Our conversations often ranged from electoral law to personal anecdotes, and just a few months ago he told me—with characteristic candor— that for the last 15 years he has been quoting me on a subject close to both our hearts: electoral rolls. I had once said that “electoral rolls are the soft underbelly of the Election Commission”.
Jagdeep said he had repeated that line hundreds of times in his writings and speeches. Now, with the controversy around the Special Intensive Revision of rolls in Bihar at its peak, that observation seems more relevant than ever.
From IIM to ADR: A Scholar Who Chose The Battlefield
Professor Chhokar was not a career activist. A distinguished academic and former dean of IIM-Ahmedabad, he could have chosen a quiet, comfortable life in the cloisters of academia. Instead, he brought the same intellectual rigour that defined his scholarship to the contested arena of electoral reform.

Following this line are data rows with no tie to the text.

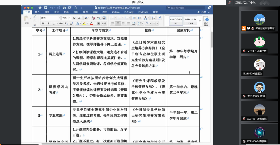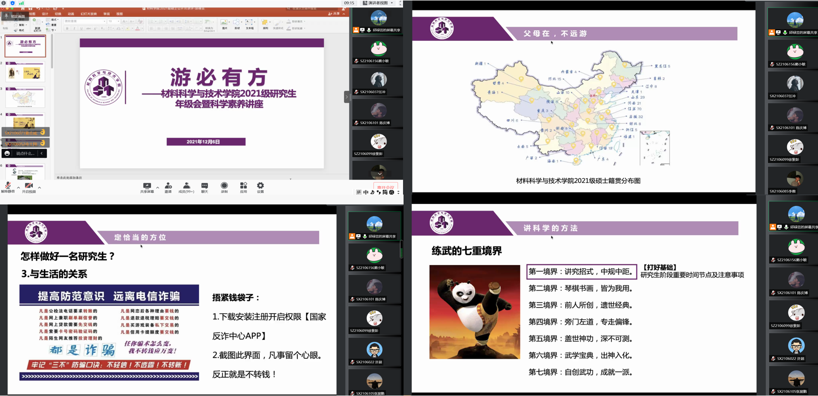 为帮助2021级研究生适应新阶段的学习生活,学院紧密结合研究生特点及研究生培养需求,综合考虑疫情防控要求,于2021126日,以线上会议的方式开展2021级研究生公开月讲评。会议由2021级硕士辅导员邱禄芸主讲,研究生教务员卢小琳、博士生导师胡晓玉出席,2021级全体研究生参加。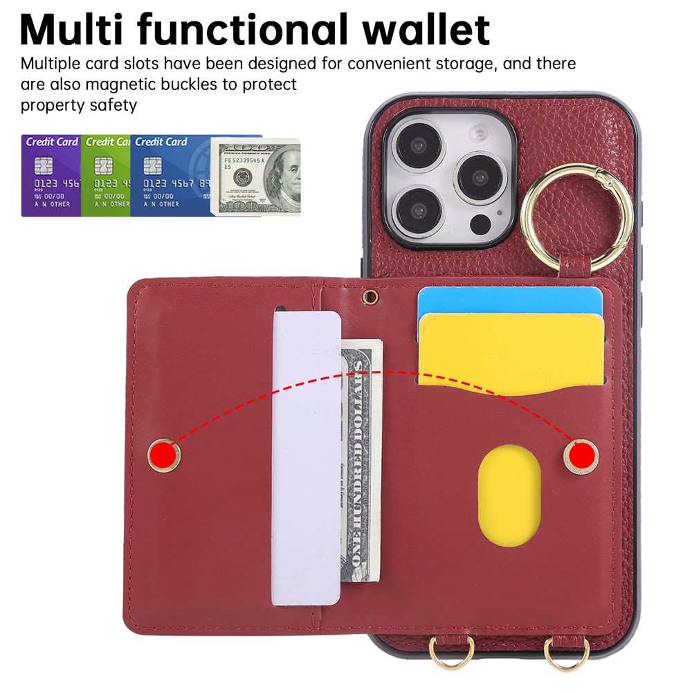 - Card Holder Design Features a multi-card slot secured by a magnetic buckle for convenient storage, providing organized storage for cards, cash, and coins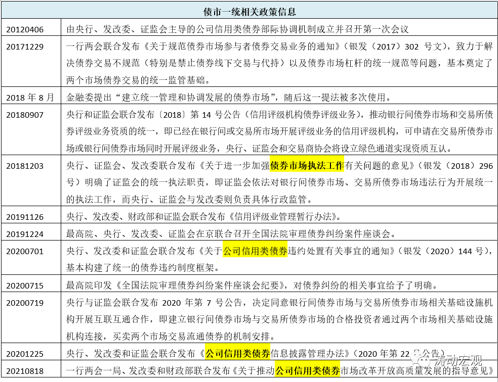 2021年8月18日,一行兩會一局、發改委和財政部聯合發布《關于推動公司信用類債券市場改革開放高質量發展的指導意見》(可以將其理解為信用債的未來五年發展規劃),這是繼《關于進一步加強債券市場執法工作有關問題的意見》、《關于公司信用類債券違約處置有關事宜的通知》和《公司信用類債券信息披露管理辦法》之后,債市大一統的又一個標志性文件,預示著經過多年努力,債市的大一統時代基本已經到來。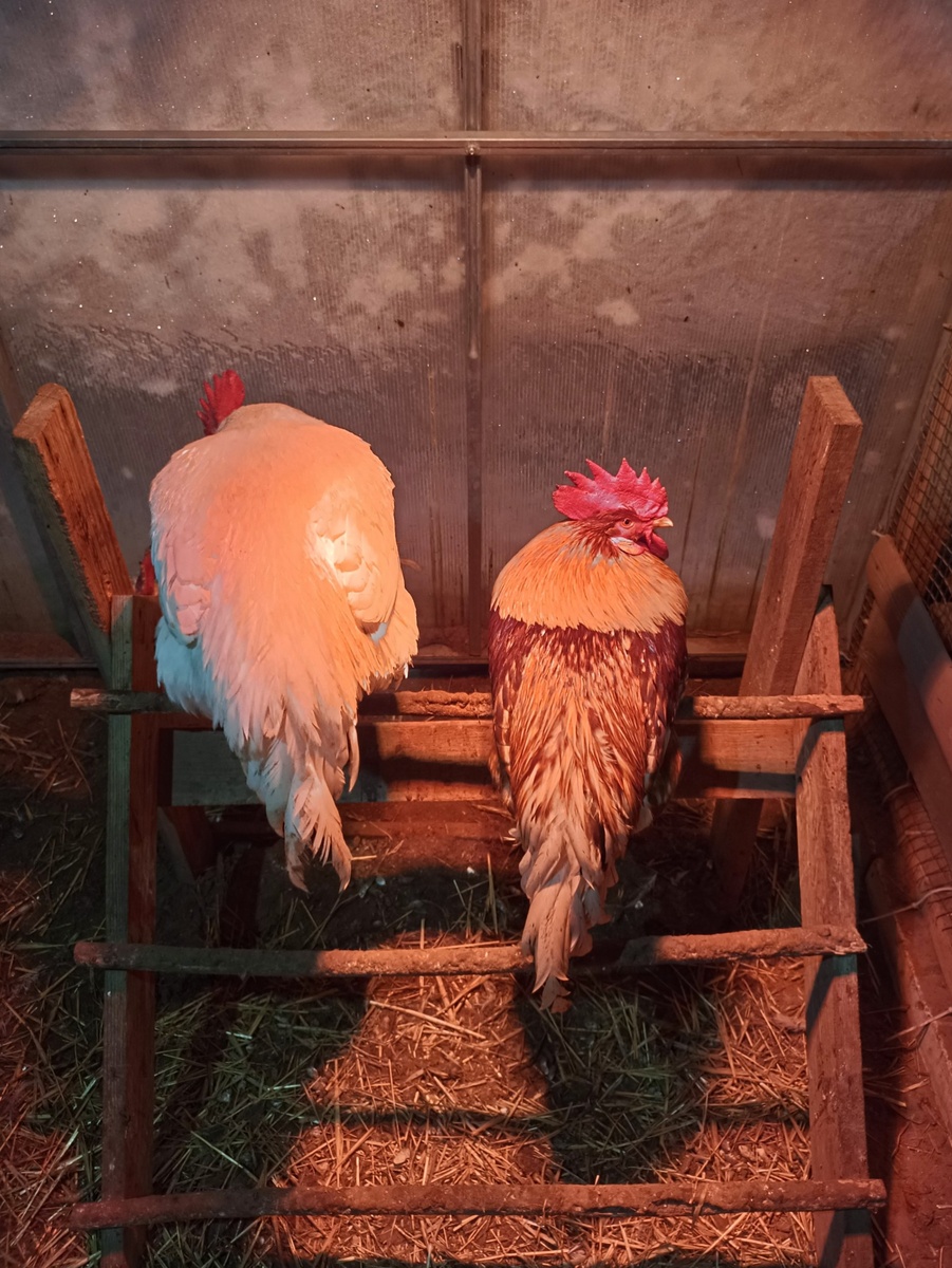 И после 15 января, после снегопадов, обещали резкое похолодание. Петухам повесил греющую инфракрасную лампу. Пусть им тоже будет тепло.

ADR’s origin story is now the stuff of democratic legend: a group of IIM-A professors—including Chhokar—filed a PIL in the Delhi High Court in 1999 seeking mandatory disclosure of criminal, financial, and educational background of candidates contesting elections. The case eventually reached the Supreme Court, and in 2002, the landmark judgment mandated that such disclosures be made public. This was a watershed moment in Indian democracy.
It was Jagdeep who became the public face of this movement, taking ADR’s mission beyond courtrooms to civil society, media platforms, and public debates. He combined the empiricism of a researcher with the passion of a reformer, often presenting data that embarrassed political parties but empowered the citizenry.
ADR As The ‘Eyes and Ears’ Of Reform
In the years that followed, ADR became indispensable to the cause of electoral reform. Its painstaking work of compiling and analysing candidate affidavits, publishing reports on criminalisation of politics, and tracking campaign finance violations provided an evidence base that no one could ignore —not even the political class.
ADR’s data is now the gold standard for anyone studying the state of Indian democracy.
For the EC, ADR became an ally we did not know we needed. Its data helped us sharpen our own interventions—from tightening rules on candidate disclosures to nudging political parties toward internal democracy. I would often share panels with Jagdeep at public fora; we spoke the same language of reform, he perhaps a bit more sharply, I a bit more diplomatically. But we were on the same side of history.
The Legacy He Leaves Behind
Today, when we speak of “informed choice” as a cornerstone of free and fair elections, we must remember: millions of citizens now check candidate affidavits, criminal records, and asset declarations before casting their vote. This shift— from blind allegiance to evidence-based voting—is part of Jagdeep’s legacy.